— DATASET CONTENT —
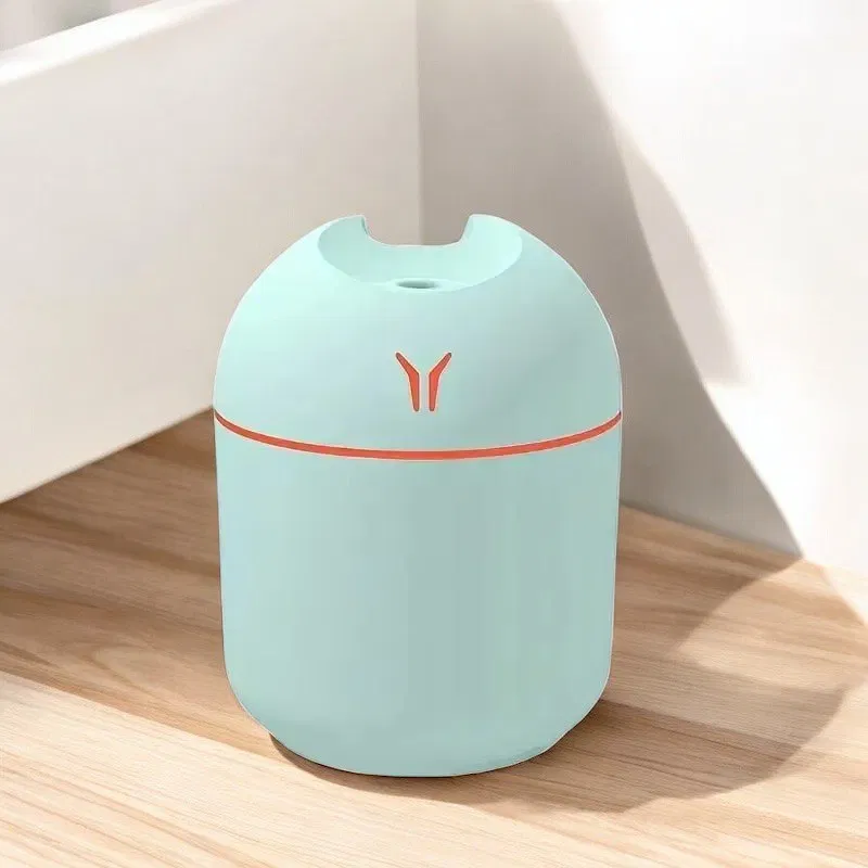 Миниатюрный увлажнитель с резервуаром 250 мл, питанием от USB (5В, 1Вт) и уровнем шума менее 36 дБ. Рассчитан на помещения до 10 м². Расход влаги около 40 мл/ч, непрерывная работа до 10 часов. Поддерживает ароматерапию, оснащён автоматическим отключением при низком уровне воды.
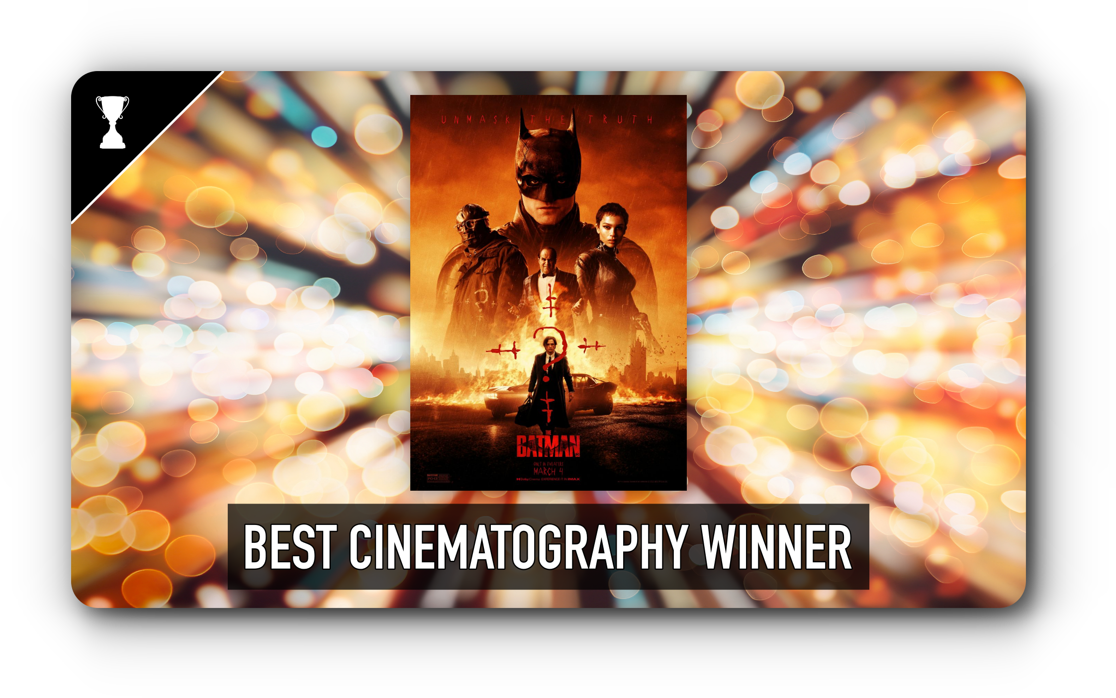 Greig Fraser was nominated twice for a reason. The man is a visual genius, and with 2022’s “The Batman,” he gives us the most realistic representation of Gotham ever. Period. His use of shadows and crushed blacks bleed beautifully onscreen, especially when they contrast the more colorful pulp of rising suns and burning cars. I loved the look of this new Batman flick; the cinematography alone makes it well worth the watch.
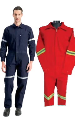 Overol Industrial de gabardina con cierre de plástico doble acción, resorte en cintura, puño camisero, cuatro bolsas frontales y dos bolsas traseras con reflejante

— EXERCISE REQUIREMENTS —
Any images must be dropped; all other material is to be printed exactly.

— PROBLEM SOLUTION —
 Миниатюрный увлажнитель с резервуаром 250 мл, питанием от USB (5В, 1Вт) и уровнем шума менее 36 дБ. Рассчитан на помещения до 10 м². Расход влаги около 40 мл/ч, непрерывная работа до 10 часов. Поддерживает ароматерапию, оснащён автоматическим отключением при низком уровне воды.
 Greig Fraser was nominated twice for a reason. The man is a visual genius, and with 2022’s “The Batman,” he gives us the most realistic representation of Gotham ever. Period. His use of shadows and crushed blacks bleed beautifully onscreen, especially when they contrast the more colorful pulp of rising suns and burning cars. I loved the look of this new Batman flick; the cinematography alone makes it well worth the watch.
 Overol Industrial de gabardina con cierre de plástico doble acción, resorte en cintura, puño camisero, cuatro bolsas frontales y dos bolsas traseras con reflejante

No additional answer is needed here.